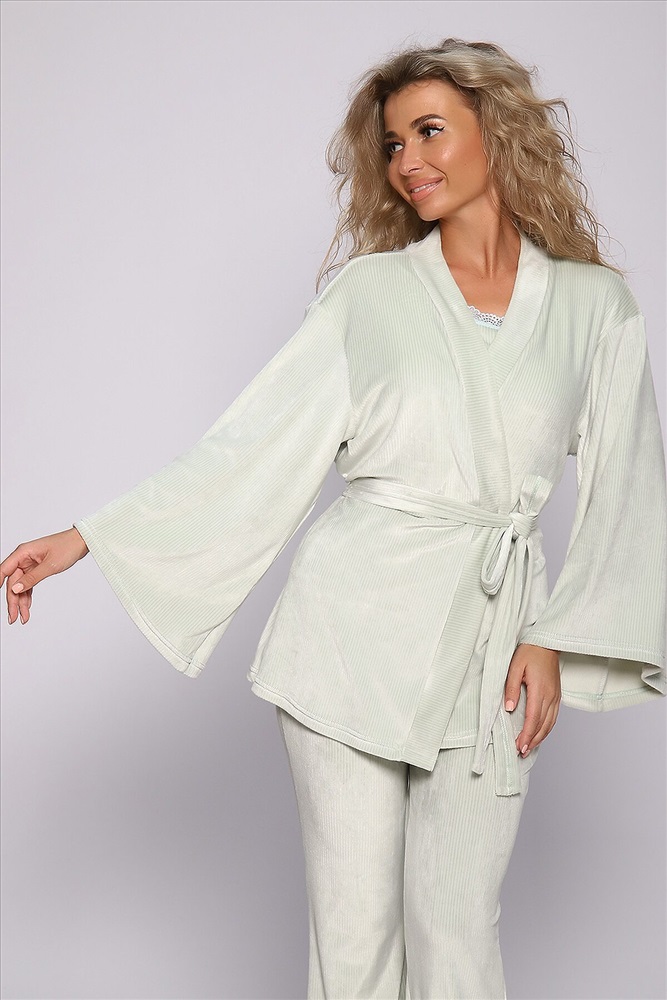 Домашний женский костюм тройка, халат на запах, топ на бретелях и брюки клеш от колена. Ткань однотонный мягкий жаккардовый велюр, который точно обеспечит тепло, удобство и комфорт, а так же подчеркнет женственность обладательницы. Халат прямого силуэта. Свободный крой, фиксируется поясом и держателями в боковых швах. Плечо халата слегка спущено, рукав широкий в стиле кимоно. По переду халата расположена планка, которая лаконично сочетается в одном изделии, что не маловажно для этического восприятия. Топ прямого силуэта на тонких бретелях, горловина переда и спинки, украшены кружевом в тон основного материала. Брюки клеш, размер в размер, талия на эластичной резинке, шириной 2 см, клеш начинается от колена, который ненавязчиво сочетается с рукавом верхнего изделия. Размерный ряд данного комплекта от 44 до 58 размера. В зависимости от величины размера, на спинке допускается стачной шов. На фото, модель представлена в 46 размере!
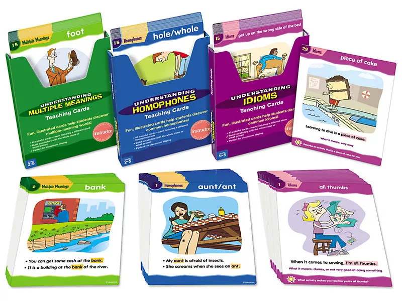 Ці навчальні картки дозволять легко зрозуміти складні слова і фрази: від «який» і «відьма» до «шматочка пирога»! Кожна ламінована карта має свою ідіому, омофона пара або багатозначне слово - з простими реченнями, які показують, як вона використовується в контексті, і підказкою для додаткового посилення. У наборі також є ідеї для занять!
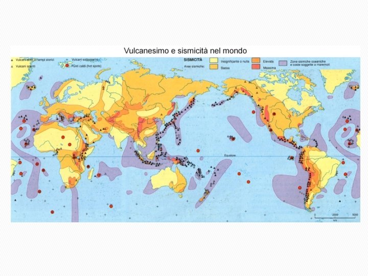 VULCANI E TERREMOTI � Conseguenze dei movimenti delle zolle: - Orogenesi (= formazione delle montagne) - Eruzioni vulcaniche - Sismi (= terremoti) � Vulcani: spesso lungo i margini delle zolle, soprattutto nel Pacifico (“cintura di fuoco”). Alcuni sono sottomarini, altri formano isole (es. Hawaii) � Terremoti: causati dalle onde sismiche. Hanno origine nell’ipocentro, che si trova in profondità. Il corrispondente punto in superficie è l’epicentro. L’intensità si misura con la scala Mercalli (considera gli effetti provocati) o con la scala Richter (considera l’energia liberata dal sisma)
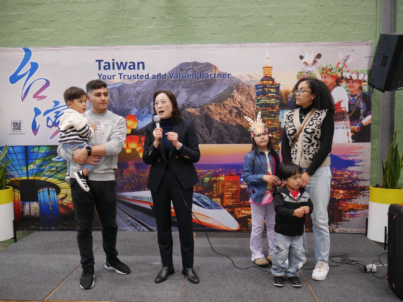 陳瑩莉處長則代表辦事處致詞,首先對到場的南非朋友表達誠摯歡迎。她指出,開普敦約有800位臺灣僑民,多年來積極參與社區慈善服務,為城市發展貢獻良多;為了讓當地民眾更認識臺灣,她感謝商會及青商會在睽違多年後再次舉辦文化節,將臺灣豐富的文化、美食與傳統呈現給南非朋友。她鼓勵現場賓客上台分享對臺灣的印象,並致贈精美臺灣筆記本及盛夏消暑飲品「臺灣啤酒」,以答謝他們的參與。青商會張家毓會長也以年輕世代的角度發言,表達對文化節重返開普敦的興奮,期盼透過美食與文化拉近南非與臺灣人民的距離,同時凝聚僑社向心力。

*Work request*: Without the pictures, repeat the line with "VULCANI E TERREMOTI" and every line after it to the end of the listing, and nothing else.

*Solution to the problem*:
 VULCANI E TERREMOTI � Conseguenze dei movimenti delle zolle: - Orogenesi (= formazione delle montagne) - Eruzioni vulcaniche - Sismi (= terremoti) � Vulcani: spesso lungo i margini delle zolle, soprattutto nel Pacifico (“cintura di fuoco”). Alcuni sono sottomarini, altri formano isole (es. Hawaii) � Terremoti: causati dalle onde sismiche. Hanno origine nell’ipocentro, che si trova in profondità. Il corrispondente punto in superficie è l’epicentro. L’intensità si misura con la scala Mercalli (considera gli effetti provocati) o con la scala Richter (considera l’energia liberata dal sisma)
 陳瑩莉處長則代表辦事處致詞,首先對到場的南非朋友表達誠摯歡迎。她指出,開普敦約有800位臺灣僑民,多年來積極參與社區慈善服務,為城市發展貢獻良多;為了讓當地民眾更認識臺灣,她感謝商會及青商會在睽違多年後再次舉辦文化節,將臺灣豐富的文化、美食與傳統呈現給南非朋友。她鼓勵現場賓客上台分享對臺灣的印象,並致贈精美臺灣筆記本及盛夏消暑飲品「臺灣啤酒」,以答謝他們的參與。青商會張家毓會長也以年輕世代的角度發言,表達對文化節重返開普敦的興奮,期盼透過美食與文化拉近南非與臺灣人民的距離,同時凝聚僑社向心力。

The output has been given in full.